China’s National Healthcare Security Administration (NHSA) has announced it has agreed an average 61% cut in prices of 70 top-selling drugs with large pharma manufacturers in exchange for inclusion on a state-run insurance scheme list.
According to the South China Morning Post, the 70 drugs include Roche’s Perjeta, Novartis’ Xolair and the top selling drug in the world AbbVie’s Humira, as well as Eli Lilly and China-based Innovent Biologics’ Tyvyt.
However, some top selling anti-programmed cell death-1 (PD-1) drugs were not included in this list – Bristol-Myers Squibb’s Opdivo and Merck’s Keytruda, which are both approved in China – an analyst explains to the Financial Times (FT) this is to allow domestic pharma companies to be able to compete in this lucrative area of the oncology market.
The FT also listed AstraZeneca, Gilead, Sanofi and Roche among big pharma who agreed to slash their drug prices.
State-owned news organisation Xinhua noted that 22 anti-cancer drugs, seven drugs for rare diseases, 14 for chronic diseases, four for paediatric indications and three for hepatitis were reduced in price by 87%.
In addition, the FT reported 27 drugs already reimbursed through the scheme have had their prices further reduced by an average 26%.
The NHSA claims this makes the prices of these drugs the lowest in the world.
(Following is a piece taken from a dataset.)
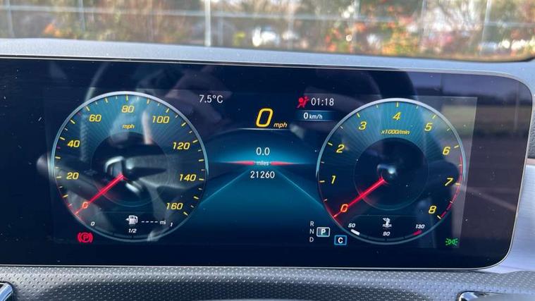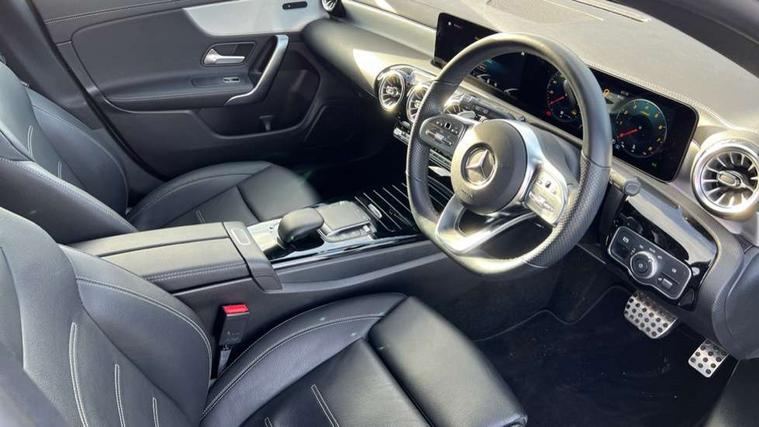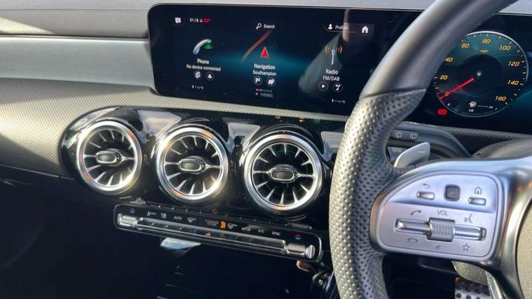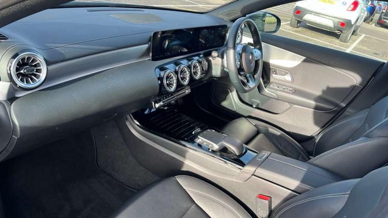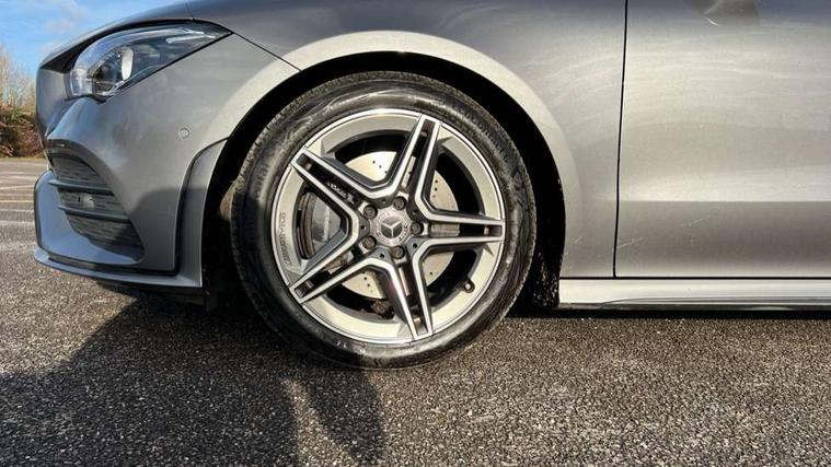 10.25 inch Instrument display with digital cockpit, 10.25 inch touchscreen central media display, Active lane keeping assist, Attention assist - Monitors steering behaviour and long journey fatigue, Bluetooth connection, Car wash mode, Cruise control with limiter, Direct steer system with speed sensitive power steering, DYNAMIC SELECT with a choice of driving modes (ECO, Comfort, Sport and Individual), ECO start/stop function, Fluid level warning indicator for fuel, oil, coolant and washer fluid, Hard-disk navigation, Hey Mercedes Voice activation, Lamp failure indicator, Mercedes me connect including emergency call system, accident recovery, breakdown and maintenance management, Mercedes me remote services, Outside temperature gauge, Owners manual and service booklet in English, Pre-installation of private car share, Preinstallation for Mercedes Benz link, Radio aerial integrated into front and rear windshields, Service indicator (ASSYST), Smartphone integration with Apple CarPlay and Android auto, Speed limit assist, Trip computer in multifunction display with current consumption indicator, 7G-DCT 7 speed automatic transmission, Lowered comfort suspension, Rear axle multi-link, DAB digital radio tuner, MBUX multimedia system with DAB digital radio and touchpad including satellite navigation, Mid-range sound system, USB (type C) ports (2) in stowage compartment and 1 in front of centre console, Adaptive brake lights, AMG body styling with AMG front apron and rear apron and visible exhaust tailpipe in chrome trim elements, AMG bodystyling side skirts, Body colour bumpers, Body colour door handles, Chrome beltline strips, Chrome weather strip, Diamond radiator grille pins in chrome with silver painted louvres and chrome insert, Electric windows, Electrically adjustable and heated door mirrors with integrated LED indicators, Exhaust system with 2 Visible tailpipe trim elements and rear apron with trim in chrome, Headlamp assist automatic headlamp activation, Heated glass rear windscreen + timer control, High level LED third brake light, Interior mirror with black reading lamps and frameless, LED high performance headlamps with integrated LED daytime running lights, LED tail lamp, Privacy glass with dark tinting on rear side windows and rear window, Rain sensing windscreen wipers with two sensitivity settings, Rear fog lamp, Rear side wing doors, Rear wiper, Window line trim strip in chrome, 3 seat bench in 2nd row, 3 spoke flattened bottom nappa leather multifunction steering wheel with perforated leather in grip area, 40:20:40 split folding rear seat backrests, Air conditioning - Two zone thermotronic luxury automatic climate control with display, Air vents with surround in silver chrome, Automatic child seat recognition sensor, Black roof lining, Brushed stainless steel sports pedals with rubber studs, Floor mats with stitched AMG lettering, Front centre armrest with stowage, Galvanished gear shift paddles on steering wheel, Heated front seats, Illuminated front door sills with changeable cover, Illuminated glove compartment stowage, Interior lighting - 64 colour Ambient lighting, Luggage net on driver/front passenger seat backrest, Manually adjustable front seats, Manually height and reach adjustable steering column, Rear armrest with two integral cup holders for drinks, Rear head restraints, Single front passenger seat, Sport seats with fixed head restraints, Stowage compartment in centre console with retractable cover, Sunvisors with illuminated vanity mirrors, Touchpad on center console, Twin front cupholders, Two outer rear seat isofix and top tether child seat fixing points, Keyless go pack - CLA, Light and sight pack - CLA, Mirror pack - CLA, Parking package - CLA, Seat comfort pack - CLA, Active bonnet pedestrain safety measure which detects an impact and raises bonnet by 65mm, Active brake assist includes forward collision warning system with autonomous braking, Adaptive brake assist with hold function and hill start assist, Anti-lock braking system (ABS), Black seat belts, Bonnet with power domes, Brake pad wear warning indicator, Childproof locks manually operated for rear doors and electrically operated for rear power windows, Crash responsive emergency lighting, Driver and front passenger head and sidebags, Driver and front passenger windowbags, Drivers knee airbag, Dual stage driver and front passenger airbags, Electric parking brake, Electronic stability programme with acceleration skid control, ESP curve dynamic assist, Front and rear seatbelt reminder, Front passenger seat occupancy sensor, Three point rear seat belts, Tyre pressure monitoring system, Warning triangle and first aid kit, Remote central locking and crash sensor with emergency opening function, Urban guard vehicle protection system with immobiliser and interior protection, Light aluminium with longitudinal grain interior trim, 18" 5 twin spoke design alloy wheels painted in titanium grey with high sheen finish, Summer tyres, Tirefit tyre sealant kit,

Also, this agreements means big pharma and their drugs will have greater access to the world’s second largest pharma market because more Chinese citizens in smaller, more remote cities will be able to afford the drugs through their state medical insurance system.
Big pharma has been making overtures to China over the last few years since the Chinese Government began to open up the country’s healthcare system in 2015. Over the past year, companies have been expanding their R&D presence in China and signing various deals with domestic biotechs.